Stored records:
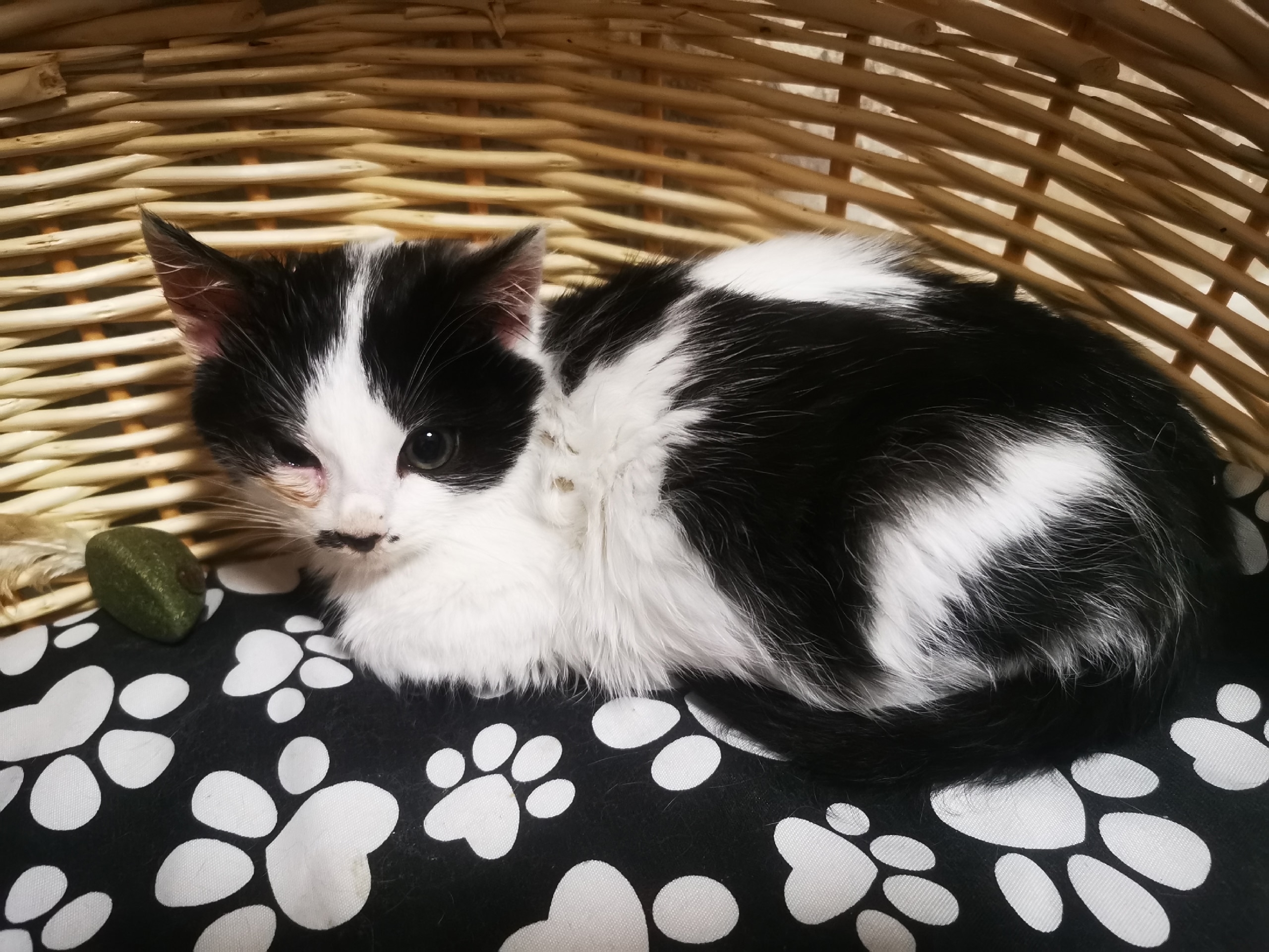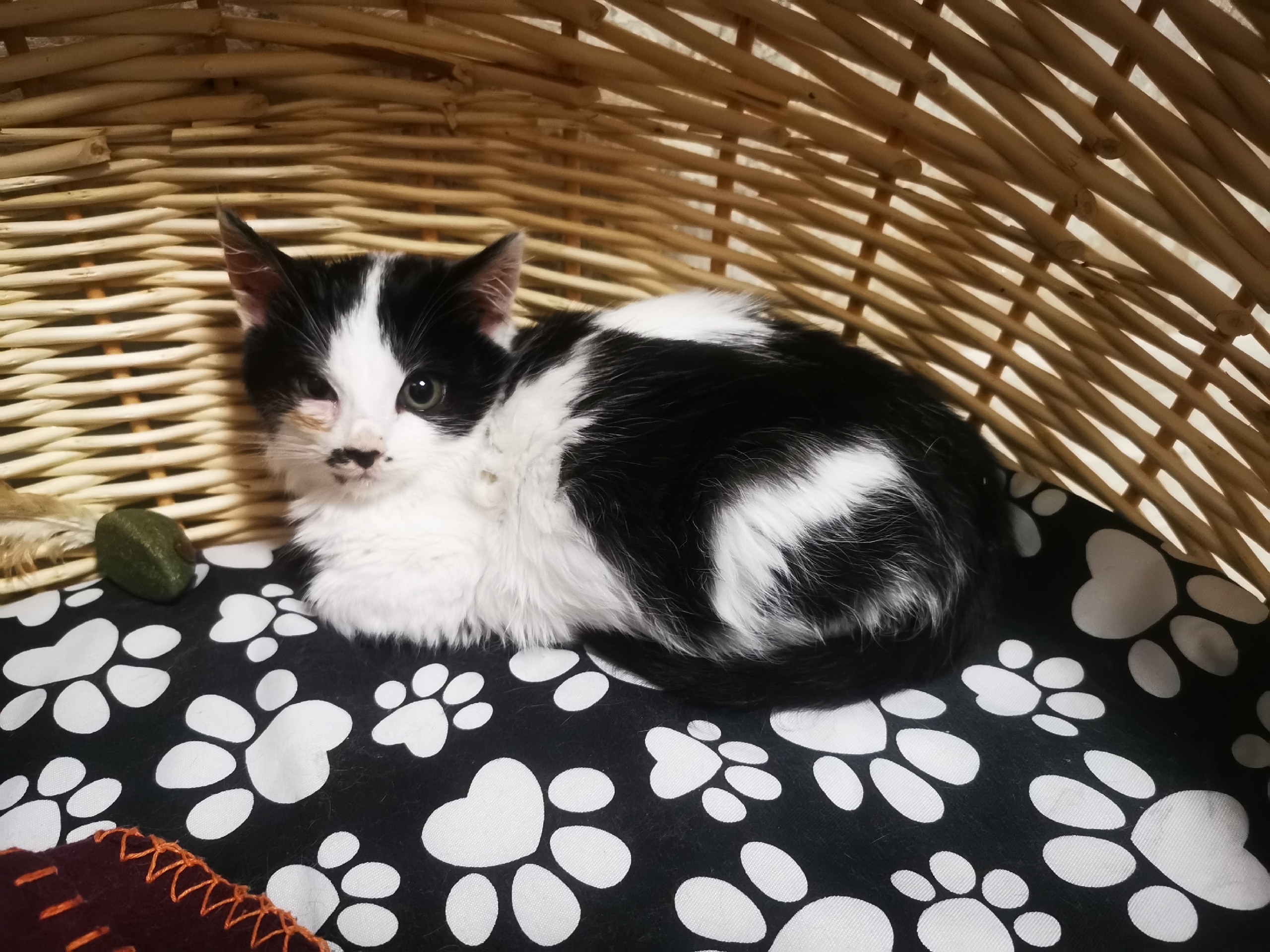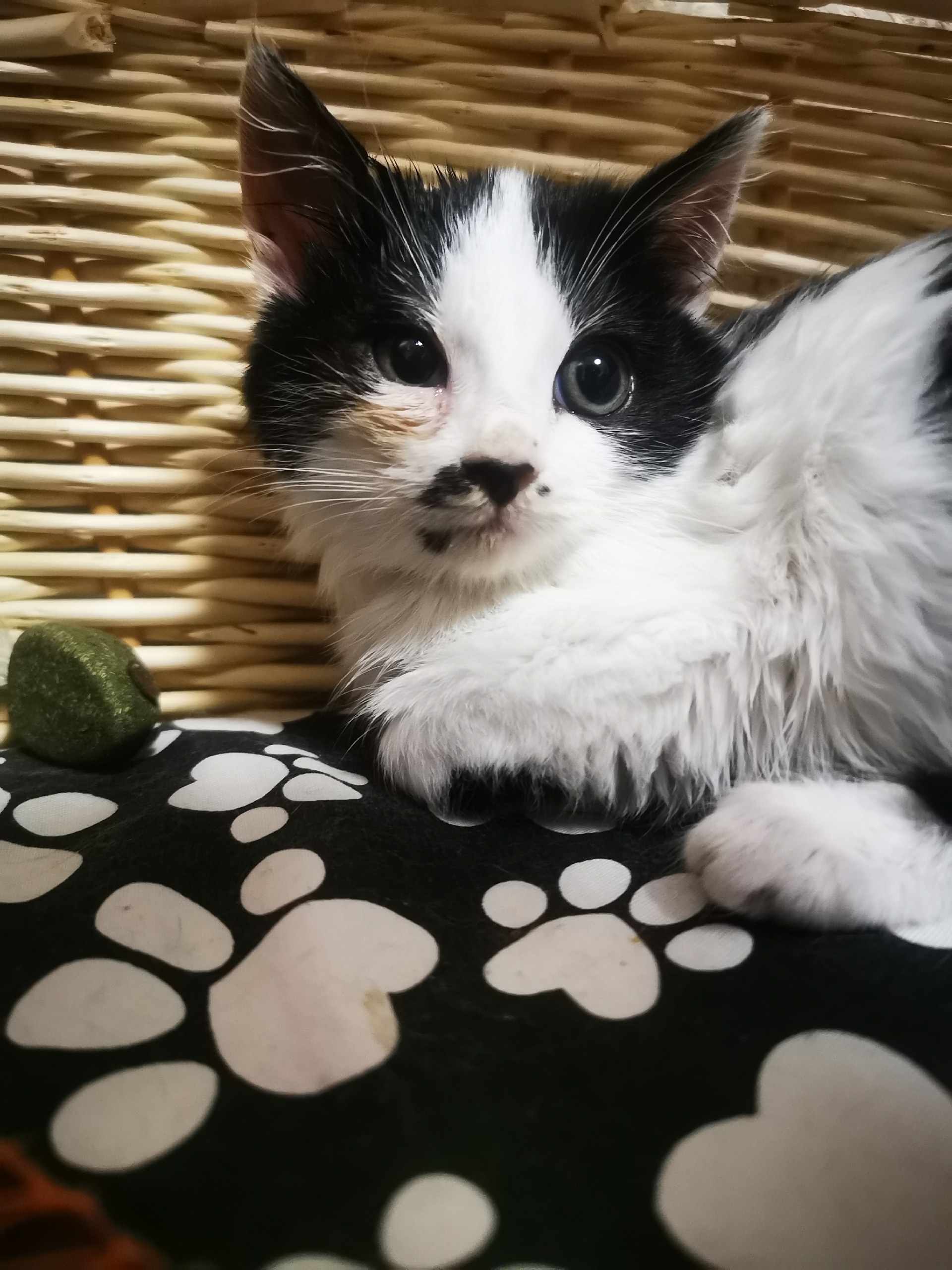Свозили к ветеринару, мальчик биколор от 1 до 2 месяцев, обработали ,глаза капаем,немного порвано ухо .
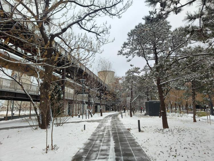 据北京市气象台预报,12月10日,北京迎来今年冬天的首场大范围明显降雪。今天(12月11日)一早,海报新闻记者分别来到雍和宫、首钢园、八里桥公园等地,此时,公园内一片银装素裹,地面、树木上积雪都比较明显。
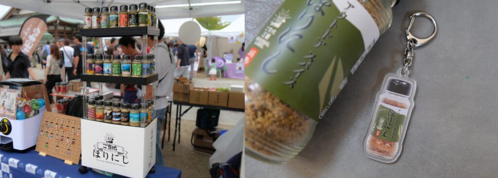 アウトドアスパイスの定番「ほりにし」から、地域限定パッケージが並ぶご当地ほりにしブースが登場!
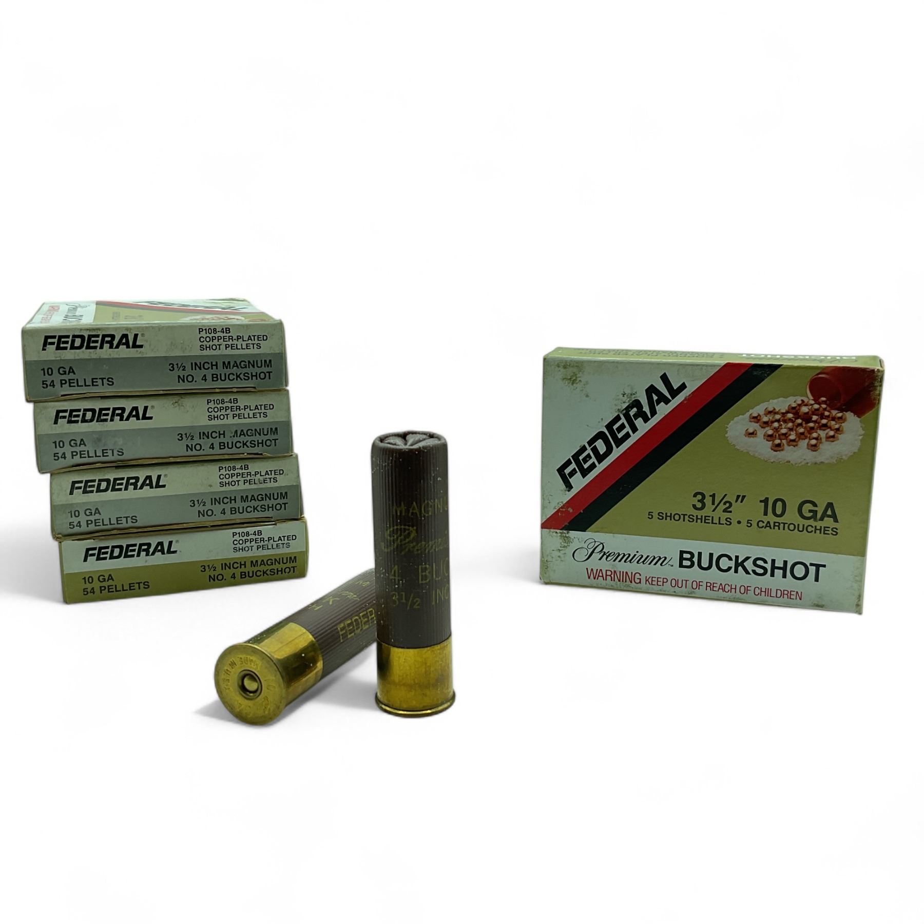 Federal Premium 10 Ga, 3-1/2", 54 Pellet Magnum, #4 Buckshot Ammunition, 25 Rounds
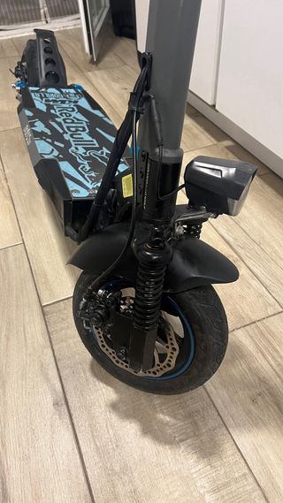 Patinete eléctrico Smartgyro Rockway con un diseño llamativo. - Plataforma con diseño Red Bull. - Manillar gris con logo Smartgyro. - Rueda delantera con suspensión y freno de disco.
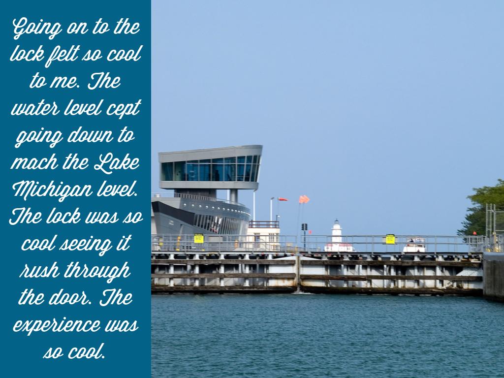 Going on to the lock felt so cool to me. The water level cept going down to mach the Lake Michigan level. The lock was so cool seeing it rush through the door. The experience was so cool.
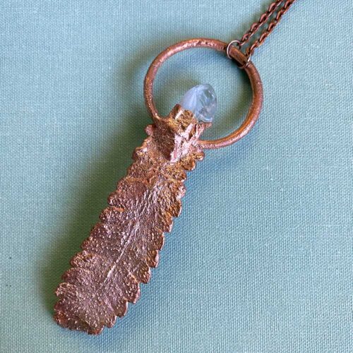 Pendant measures roughly 1.5″ high by 3.5″ wide and includes a 30” antiqued copper chain. If you’d like a different chain length, leave me a note at checkout — chain can go up to 32”. Chain styles and closures may vary.
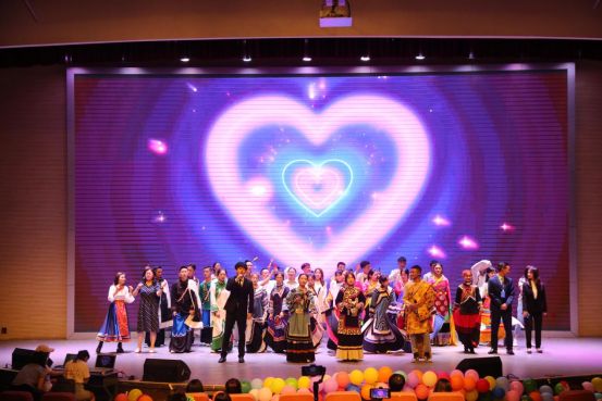晚会在大合唱《相亲相爱一家人》中落下帷幕,现场老师以及晚会表演人员一同登上舞台,欢歌笑语,共度美好时光。无论哪个民族,都是中华民族,在成纺大家庭中,每个民族的同学都是这个大家庭中的一员,都是相亲相爱的一家人。
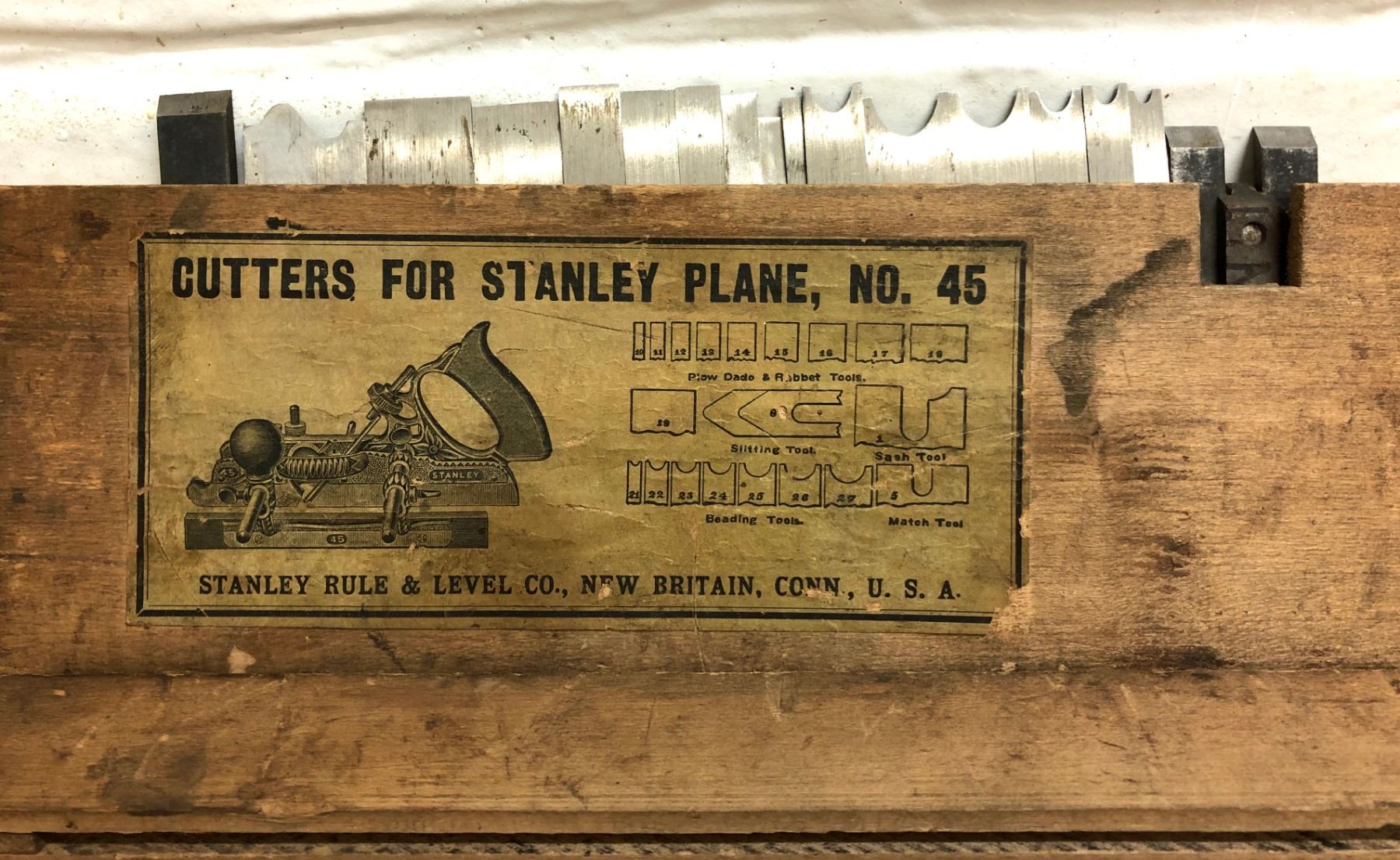 ANTIQUE STANLEY NO 45 PLANE WITH COMPLETE BLADE SET
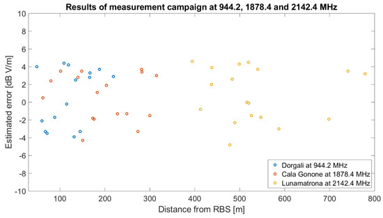 In order to highlight that the new definitions of the model parameters which describe the set of buildings involved in the propagation between the RBS and the mobile are pivotal for the case of small, hilly towns with a significant variability in the topology and environment, it is worth noting that an accuracy equivalent to the one claimed by the original C231WI in the case of large and almost homogenous cities is obtained [4]. In other words, with the results from Table 2 to 4, it is demonstrated that the modified version of the C231WI model and the OCS perform similarly to the original model, but for a worst and complex case. We have summarized these findings in Figure 7 in order to present the model and system performances against the distance from the RBS and the working frequency. The error of the estimated field level oscillates randomly with the distance from the RBS. However, from Figure 7 it can be noticed that for the three sites, the distribution of the error is similar for the three built-up areas of interest. This implies that the prediction error is similar across the UHF frequency band considered in this work. By remembering that the original C231WI model was developed to work at a maximum frequency of 2 GHz [4,25], the findings from Figure 7 corroborate the possibility of extending the model to higher frequency as long as its parameters are modified, as explained in Section 2. As a conclusion, the validation campaign demonstrated that the modified version of the C231WI model and the Onde Chiare system are effective, accurate, and reliable tools for the prediction of EM field levels in irregular, hilly built-up areas, thus being a technological solution for companies from the telecommunication system or for local regulatory agencies.
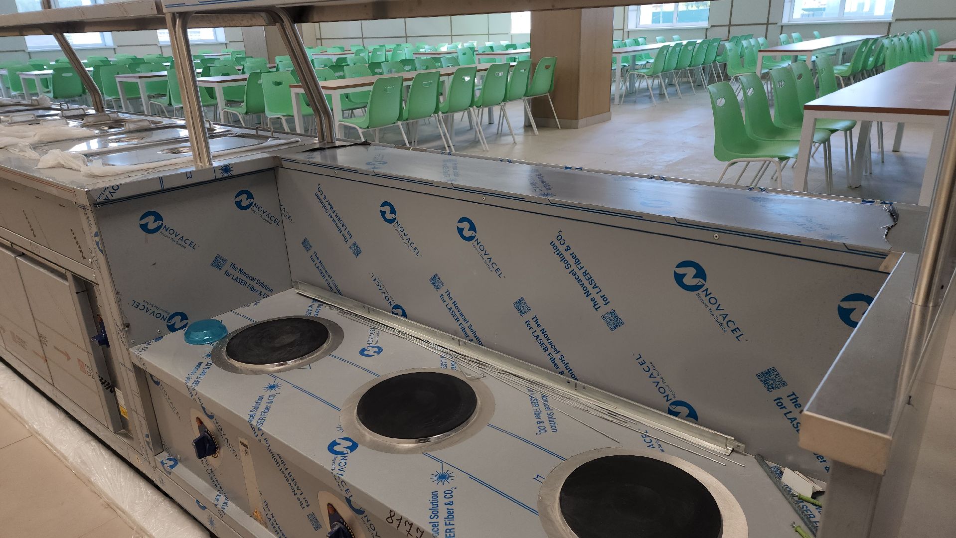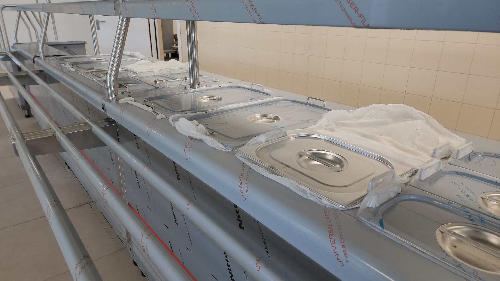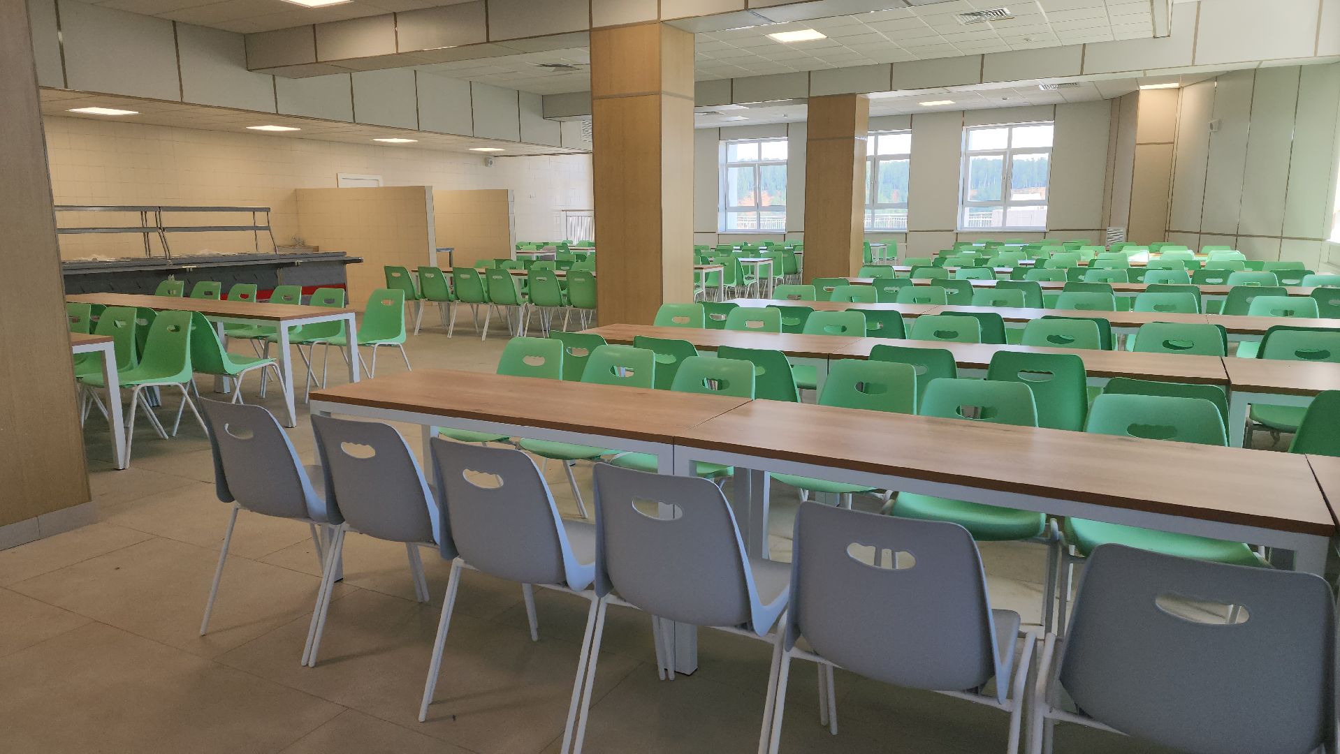 В школе будут специализированные кабинеты, оборудованные для занятий по физике, химии, биологии, библиотека, столовая на 550 посадочных мест. Пищеблок полного цикла, здесь будут готовить и для школьников, и для дошкольников. Оборудование для него: вытяжки, холодильники, плиты, слайсеры, а также посуду – привезли, специалисты занимаются установкой.

* DESCRIPTION OF THE TASK *
For this exercise, reproduce exactly the lines of the records above from the one with "アウトドアスパイスの定番「ほ" up to and including the one with "ANTIQUE STANLEY NO", without pictures.

* FINISHED TASK *
 アウトドアスパイスの定番「ほりにし」から、地域限定パッケージが並ぶご当地ほりにしブースが登場!
 Federal Premium 10 Ga, 3-1/2", 54 Pellet Magnum, #4 Buckshot Ammunition, 25 Rounds
 Patinete eléctrico Smartgyro Rockway con un diseño llamativo. - Plataforma con diseño Red Bull. - Manillar gris con logo Smartgyro. - Rueda delantera con suspensión y freno de disco.
 Going on to the lock felt so cool to me. The water level cept going down to mach the Lake Michigan level. The lock was so cool seeing it rush through the door. The experience was so cool.
 Pendant measures roughly 1.5″ high by 3.5″ wide and includes a 30” antiqued copper chain. If you’d like a different chain length, leave me a note at checkout — chain can go up to 32”. Chain styles and closures may vary.
晚会在大合唱《相亲相爱一家人》中落下帷幕,现场老师以及晚会表演人员一同登上舞台,欢歌笑语,共度美好时光。无论哪个民族,都是中华民族,在成纺大家庭中,每个民族的同学都是这个大家庭中的一员,都是相亲相爱的一家人。
 ANTIQUE STANLEY NO 45 PLANE WITH COMPLETE BLADE SET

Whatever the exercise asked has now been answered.